Louis Bailey’s building.
The supposed harem for McKennah’s mistresses.
“Yeah, that’s the place. I’m turning three floors there into the best day care center in the country. The parents show they’re gainfully employed or looking for work and their kids stay for five bucks a day, everything included. Food, games, Montessori tutors, books…”
“And I suppose it was just a coincidence that the building next door burned down? It didn’t have anything to do with the Tower?”
McKennah’s temper flared again. “Listen, you may be a hotshot in Tinseltown but that’s slander! I’ll sue your goddamn ass! I have never in my life torched a building. You can check every one of my projects going back to day one. I’ll go through the list building by building with you.”
“What about the tunnel?
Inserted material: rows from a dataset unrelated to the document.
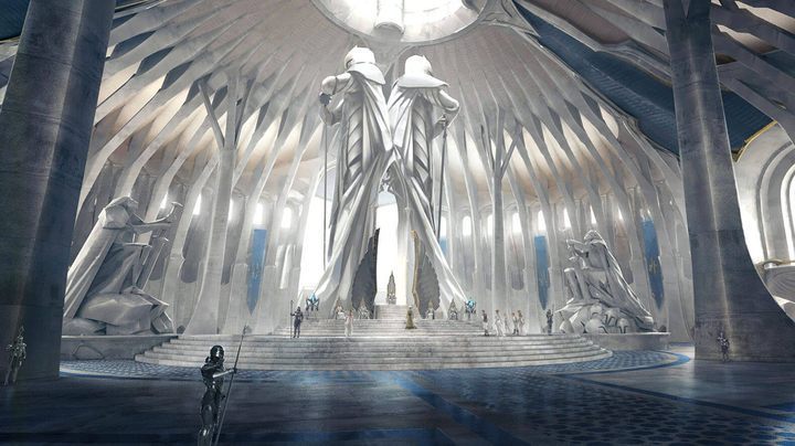 Wkraczamy powoli na Wielki Plac. To obok targów serce miasta, gdzie ludzie schodzą się wiwatować na cześć monarchów, którzy zapewnili Demacii bezpieczeństwo. Nacieszcie się widokiem. Tak, to wszystko zbudowano ręką człowieka, wszystkie te zaokrąglone mury i łuki, kolumny i posągi.
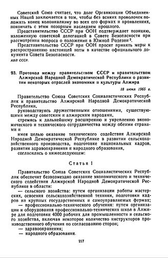 Протокол между правительством СССР и правительством Алжирской Народной Демократической Республики о развитии некоторых отраслей экономики и культуры Алжира. 18 июня 1965 г. // АВП СССР. Опубл. в Сборнике действующих договоров, соглашений и конвенций, заключенных СССР с иностранными государствами. М., 1971, вып. XXIV, с. 96-97.
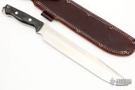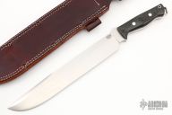 This Bravo 3 from Bark River features black canvas micarta scales, full tang construction with .277" blade thickness and 1.680" blade depth. Satin finished blade. Comes with a leather sheath. Excellent condition.
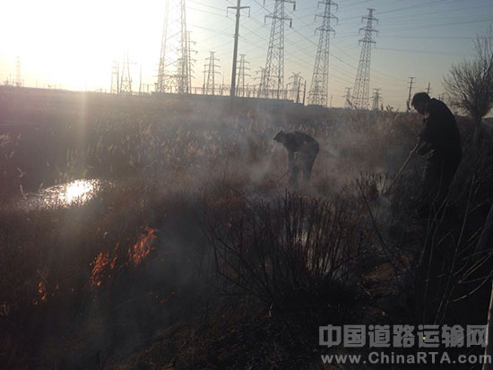 [河北]沧州中捷交通局路政大队奋力救火,确保道路安全畅通
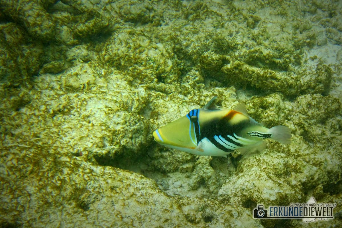 Orangestreifen Drückerfisch (balistapus undulatus), Ukulhas, Malediven
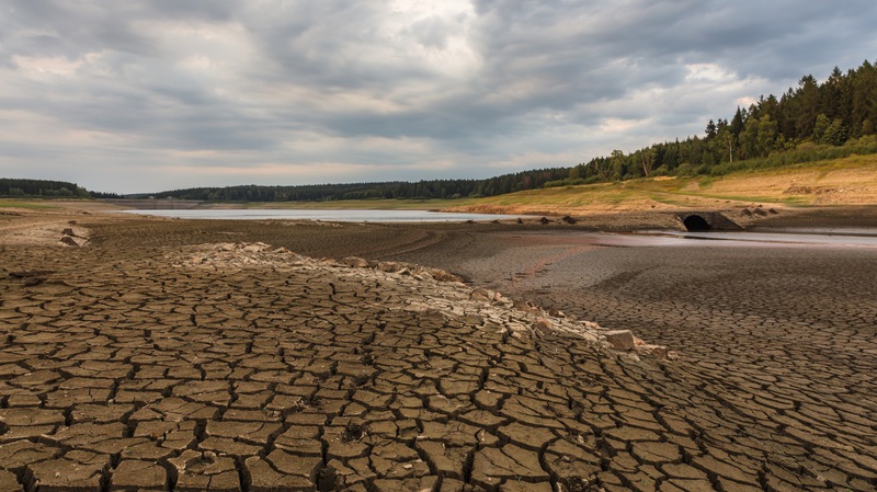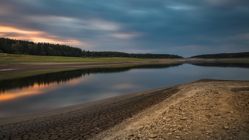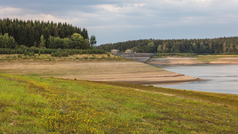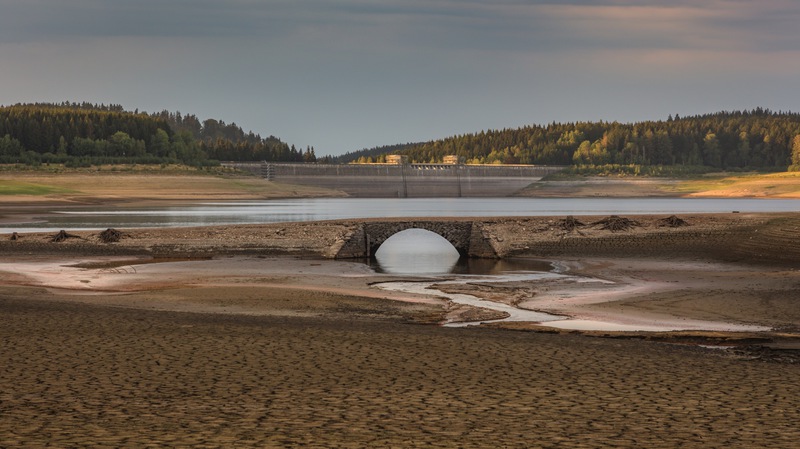Die Bilder zeigen die Talsperre Ende August 2018. Die lange Dürre hat den Wasserstand rapide sinken lassen, so das eine alte Mühle und die Brücke samt Baumstümpfe sichtbar wurden. Dies ist erst ab ca. 30% Wasserstand zu beobachten und trat zu letzt 1975 auf.
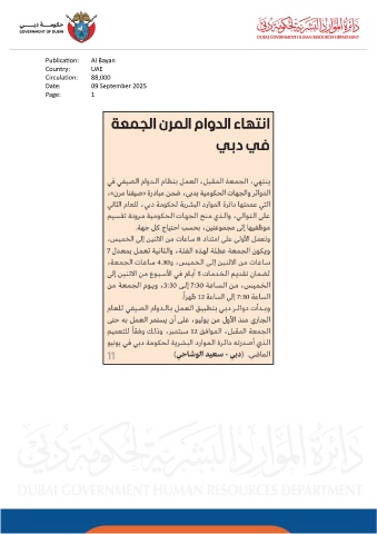 Publication: Al Bayan Country: UAE Circulation: 88,000 Date: 09 September 2025 Page: 1
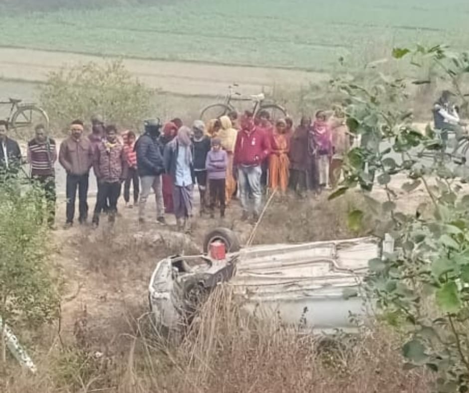 ओवरटेक के प्रयास में अनियंत्रित होकर खाई में पलटी कार
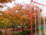 学校の隅にある桜の葉が青から赤色の紅葉になり、早くも散り始めました.今日は6年生...
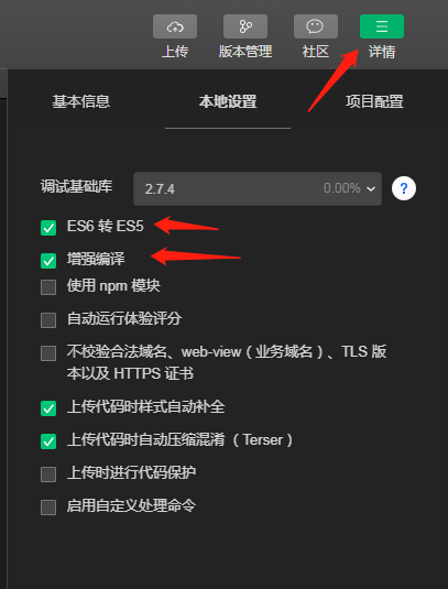 新版本的小程序支持async / await。勾选下面选项后重新编译程序即可
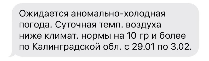 Такую рассылку могли сегодня получить жители региона. Недолго длилась оттепель.
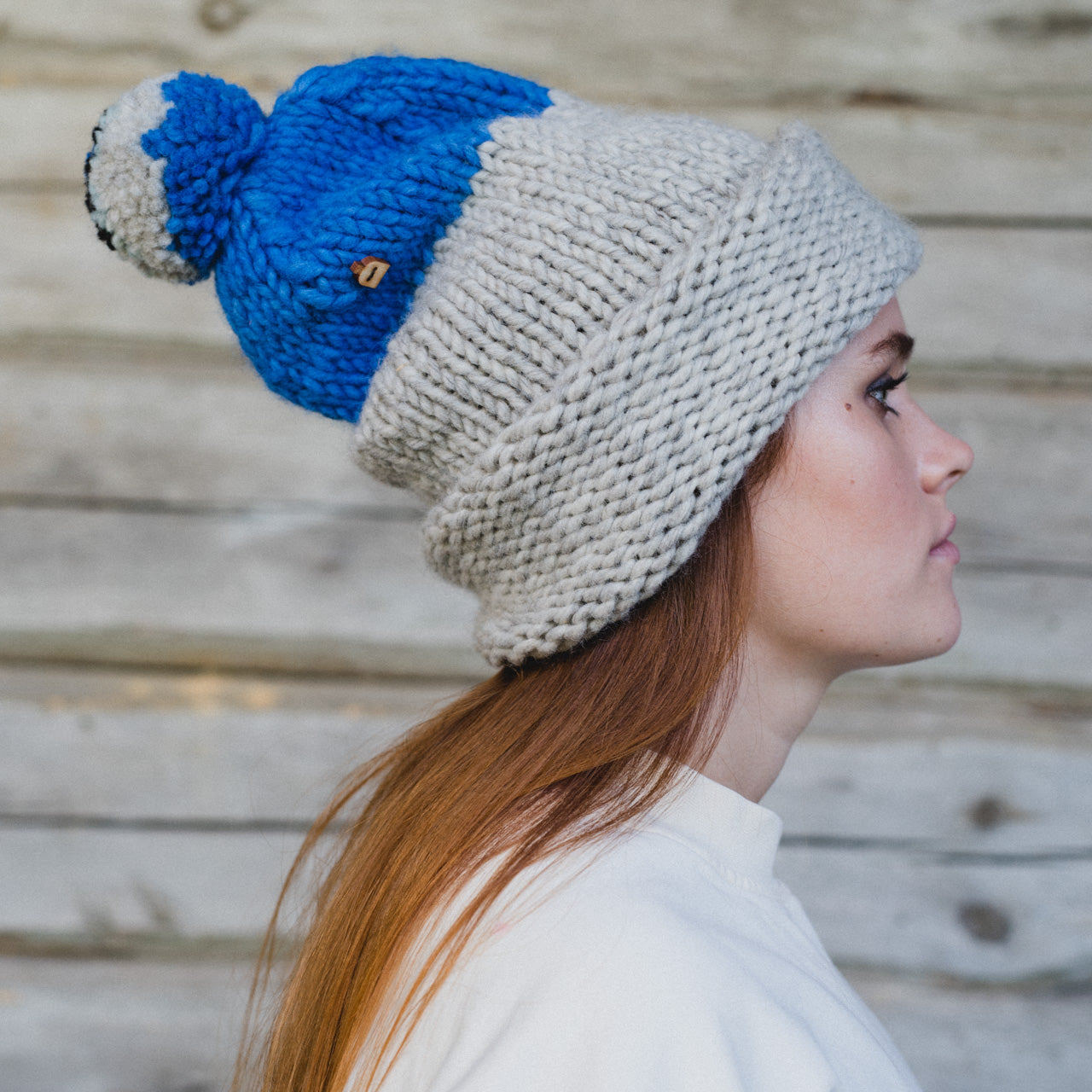 Tämä vaaleanharmaa ja sähkönsininen Sinerrys Myssy on neulottu käsin maailman Myssypääkaupungissa Pöytyällä Myssymummojen puikoissa 100% suomenlampaan villasta. Myssyä koristaa muhkea tupsu.

You didn’t torch the building to put it in?”
McKennah frowned. “You know about the tunnel?”
“And I know about your deal with Jimmy Corcoran.”
The developer blinked in surprise. Then said, “Well, you sure as hell don’t know too much about it. The tunnel doesn’t go under the lot that burned. There’s a Con Ed substation under there. It jogs west. Under the day care center building – which I happen to own.”